Logo vi meu pai, em uma mesa rodeado de seus acessores, seguranças, e é claro, mulheres.
-Gustavo! graças a Deus! eu achei que você não ia aparecer.-Ele disse, simpático demais até.
-É claro que eu estaria aqui pai, não perderia o meu próprio jantar de noivado, era só o trânsito que tava um pouco caótico demais.
-Bom, dessa vez o problema não é você, sua noiva que desapareceu completamente! vi ela no começo da festa, e agora ela sumiu.
-Ora ora! parece que eu não sou o m*l partido aqui, não é mesmo? olha, a gente pode mandar toda essa gente embora e acabar com isso tudo, com certeza o grupo Malheiros não precisa de um banquinho meia boca.

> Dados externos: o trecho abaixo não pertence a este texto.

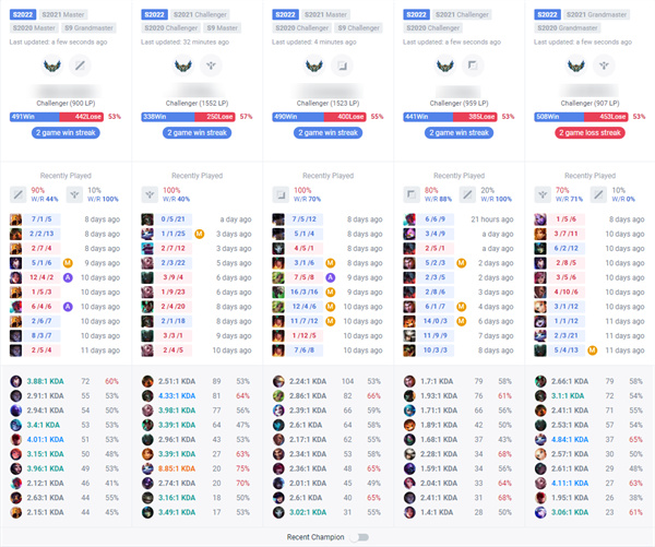 加入大厅后,复制大厅聊天并将其粘贴到多重搜索选项卡中。这将为您提供所有召唤师的统计数据,包括单人排名、胜率、连胜/连败。最常玩的冠军,以及最近的成就(MVP/ACE)。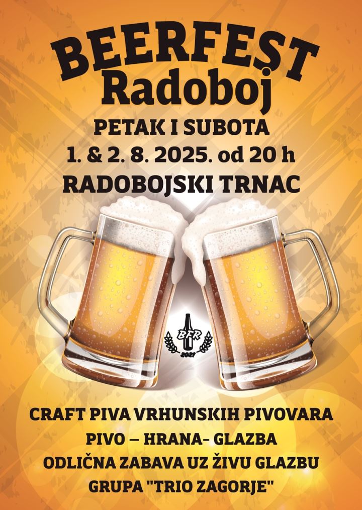 Za ljubitelje dobre glazbe i još boljeg druženja, 1. i 2. kolovoza rezervirani su za omiljeni Beerfest! Dvije večeri odlične atmosfere, glazbenih nastupa i bogate ponude piva očekuju vas u Radoboju.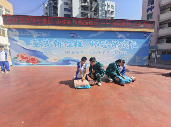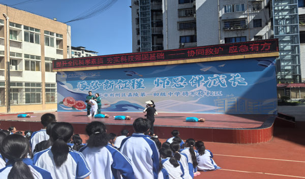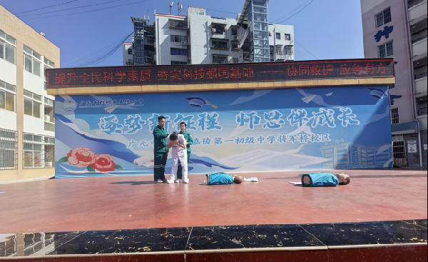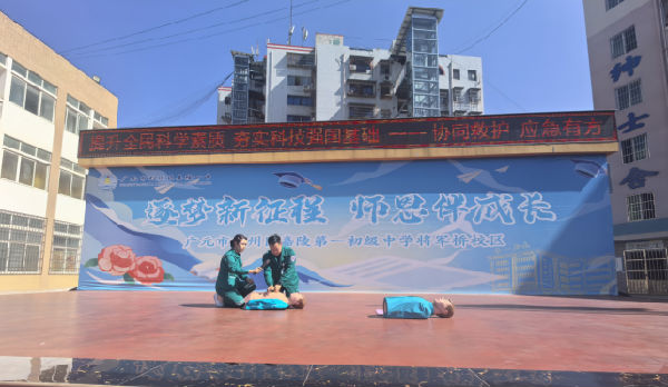 9月24日上午,广元市中医院急诊科、广元紧急救援中心走进广元市利州区嘉陵第一初级中学将军桥校区,为教职工培训应急救护知识,增强教职工的安全意识和应对突发事件的能力,推进平安校园建设。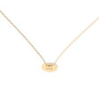 Nadčasový zlatý náhrdelník z kolekce ALOve Touch of Gold s jemnou řetízkovou siluetou, které dominuje přívěsek ve tvaru oválu s nápisem Love a efektně zasazeným diamantem nejvyšší kvality.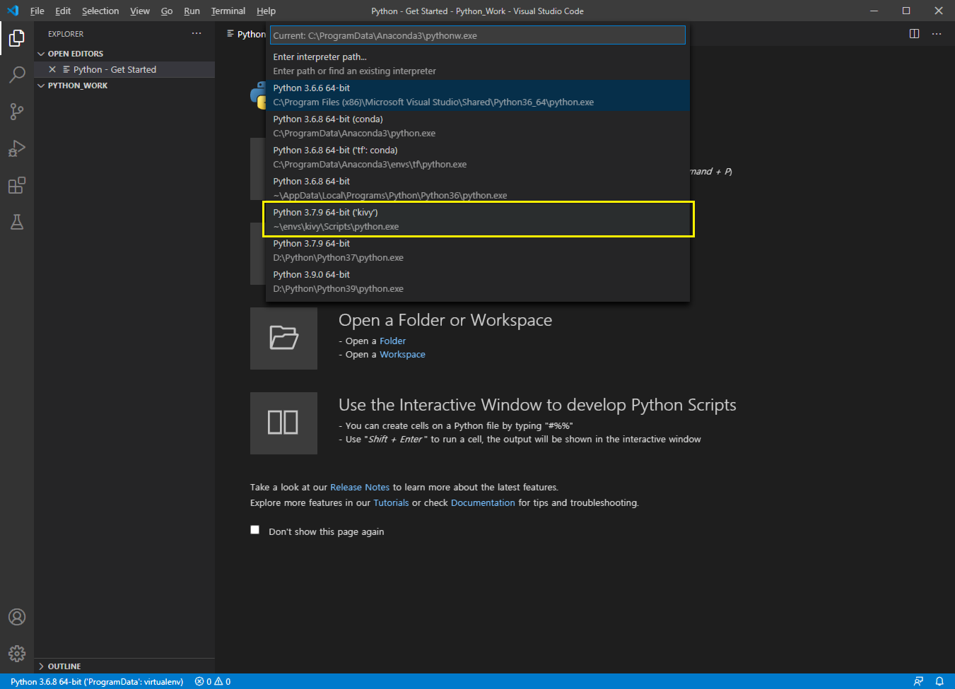 15. 현재 컴퓨터에 설치되어 있는 파이썬의 버전과 미리 생성한 가상 환경이 출력된다.

-Isso só mostra que você não faz idéia de como os negócios funcionam, não é? um escândalo desses agora, seria muito m*l pra nossa imagem, acabamos de nos recuperar de toda aquela polêmica do racismo.-Ele disse, visivelmente irritado.
Não vou dizer que estava torcendo para aquela maluca aparecer, eu não queria me casar, eu amava a vida que eu levava, não me prendia a ninguém, não devia satisfações a ninguém, eu era livre, só um louco abriria mão disso.

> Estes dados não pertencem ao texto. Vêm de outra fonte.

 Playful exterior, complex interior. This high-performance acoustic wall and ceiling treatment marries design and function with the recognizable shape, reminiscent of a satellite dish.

Mas, quando vi todos os olhares da festa se virando para a porta, percebi que o circo tinha que continuar.
-Mil desculpas, Maria Eduarda teve um m*l estar, mas já se recuperou, podemos continuar a festa.-Disse a mãe dela, enquanto ela entrava pela porta, com uma cara bem abalada.
Voltei até a mesa do meu pai, que estava bem irritado, meu pai odiava quando as coisas saiam do controle, e eu sabia disso melhor do que ninguém.

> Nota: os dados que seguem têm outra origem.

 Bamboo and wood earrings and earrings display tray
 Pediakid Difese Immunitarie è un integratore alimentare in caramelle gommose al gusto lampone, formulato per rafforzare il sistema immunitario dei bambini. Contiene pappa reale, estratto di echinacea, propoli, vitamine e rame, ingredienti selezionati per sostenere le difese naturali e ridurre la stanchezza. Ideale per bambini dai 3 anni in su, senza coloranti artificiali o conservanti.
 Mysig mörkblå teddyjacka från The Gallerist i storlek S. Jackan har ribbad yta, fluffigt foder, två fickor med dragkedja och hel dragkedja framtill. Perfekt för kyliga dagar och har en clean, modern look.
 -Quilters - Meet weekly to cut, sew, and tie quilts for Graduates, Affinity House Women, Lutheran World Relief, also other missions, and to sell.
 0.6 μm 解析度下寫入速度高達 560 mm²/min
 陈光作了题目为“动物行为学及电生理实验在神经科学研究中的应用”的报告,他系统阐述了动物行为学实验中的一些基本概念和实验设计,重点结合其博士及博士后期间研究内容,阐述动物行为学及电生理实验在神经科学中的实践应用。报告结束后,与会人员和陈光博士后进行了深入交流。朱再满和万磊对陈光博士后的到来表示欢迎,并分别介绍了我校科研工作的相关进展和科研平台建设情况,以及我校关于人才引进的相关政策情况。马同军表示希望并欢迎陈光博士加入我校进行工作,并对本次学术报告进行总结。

-Sophia! não espera que eu acredite que um sumiço de 2 horas foi um m*l estar.-Ele disse.
-Guilherme, já está tudo resolvido e na perfeita ordem, podemos prosseguir com o jantar, e melhor ainda, deixar que os pombinhos se conheçam, Maria Eduarda, por que não mostra a Gustavo o nosso jardim?-Ela disse, cutucando a garota.
Ela concordou com a cabeça, não muito animada.
-Não acredito que você é o homem com quem eu vou me casar! você quase me matou.-Ela disse, irritada.
-Também não gostei da forma que me tratou, acredite, não estou nas nuvens por ter você como esposa, me disseram que você era bem mais recatada.
-Apenas com quem merece que eu use meus bons costumes.
-Estou prestes a te transformar na mulher mais rica do Brasil, acho que eu mereço um pouco sim.
-Tudo pra você se resume a isso, não é? eu não tô interessada no seu dinheiro, babaca.
-Ah não? então é o que? o meu belo par de olhos azuis?
-Você se acha né? eu só tô fazendo isso pela minha família, acredite, se dependesse só de mim, eu jamais me casaria com alguém como você.
-Ótimo, então por que não fazemos um acordo? já que nem eu e nem você queremos esse casamento, a gente pode se manter casados por 1 ano, e depois disso, dizemos que não deu certo, meu pai já vai ter me passado o comando da empresa, e, sua família já vai ter recuperado o prestígio, e é claro, os milhões de reais da fusão.